5. What system maintenance and support needs would a county expect for FIDO after

implementation, and what are the costs?

6. How many system users will need to be trained for each “module” of the system, and how much

training will be needed (training needs)?

Answers to these questions will naturally depend on the circumstances of particular counties and the

cost models of the vendors who provide these services. Addressing them thoroughly in advance,

however, will be essential to a successful indigent defense process management project.
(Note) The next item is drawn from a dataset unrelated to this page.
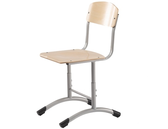 Стул изготовлен на металлокаркасе из тонкостенных стальных труб круглого сечения ⌀32х1,5 мм, ⌀32х1,2, ⌀25х1,2 и ⌀22х1,0 мм, а так же плоскоовального сечения 30х15х1,2 мм. Металлокаркас окрашен защитной полимерно-порошковой эмалью. Каркас представляет собой телескопическую конструкцию, высоту его можно устанавливать в трёх положениях, закрепляя четырьмя винтами М8. Концы труб закрыты пластиковыми заглушками и заглушками-опорами. Сиденье и спинка выполнены из объёмно-формованной гнутоклееной фанеры (шпон березы) толщиной 9 мм со сферическим выжимом на сидении и эргономичным изгибом на спинке. Форма сиденья и спинки способствует сохранению осанки. Спинка и сиденье покрыты экологически чистым полиуретановым бесцветным лаком, который не имеет запаха. Соединение каркаса с фанерой осуществляется с помощью заклепок 4,8х18. Стул изготавливается в двух ростовых группах в трех диапазонах регулирования (3-5, 5-7) в соответствии с ГОСТ 11016-93 (ИСО 5970-79).

The FIDO system offers a comprehensive set of indigent defense process management tools that

provide a county with the opportunity to centralize and analyze indigent defense data, ensure a fair and

neutral appointment process, more efficiently process attorney fee vouchers, and monitor compliance

with the requirements of the Fair Defense Act. Moreover, the comprehensive analysis of Bell County’s

indigent defense system and the commitment among stakeholders to help understand each other’s

processes and improve the system made possible an application of technology that helped to transform

the culture in a positive way.

While the Technology Services Department in Bell County has recommended that the design and

functionality of FIDO should be reworked and hosted in the county’s new in-house system, key county

stakeholders have pointed out that no final decision has been made and that other options are being

reviewed. Other stakeholders support the continued usage of FIDO as originally envisioned. District

Judge Fancy Jezek described these deliberations in the county’s response to the draft report:

“From the inception, FIDo was to be a "portable web-based indigent defense solution." Obviously Bell County is mindful of the costs of maintaining and updating the system. Currently the county is participating in the Conference of Urban Counties' TechShare Program to determine the feasibility of offering the FIDo system to other counties. No decision has been made or is apt to be made in the near future that FIDo will be reproduced and hosted in the county's new in-house system. Bell County is hopeful that the CUC through TechShare can extend FIDo to a sufficient number of participating counties such that the program will be maintained as it was designed. While stakeholders within Bell County envision the future of FIDo very differently, the County is mindful of the original intent of the grant and is pursuing options to continue operation of the program as was contemplated by the grant.”

As the future of the system in Bell County is still being considered, other counties may consider pursuing

implementation of FIDO as an instance of the web-based system that exists today. While robust system

integration of FIDO has not yet been demonstrated, the system’s core functionality can provide

substantial benefits for a county’s indigent defense system.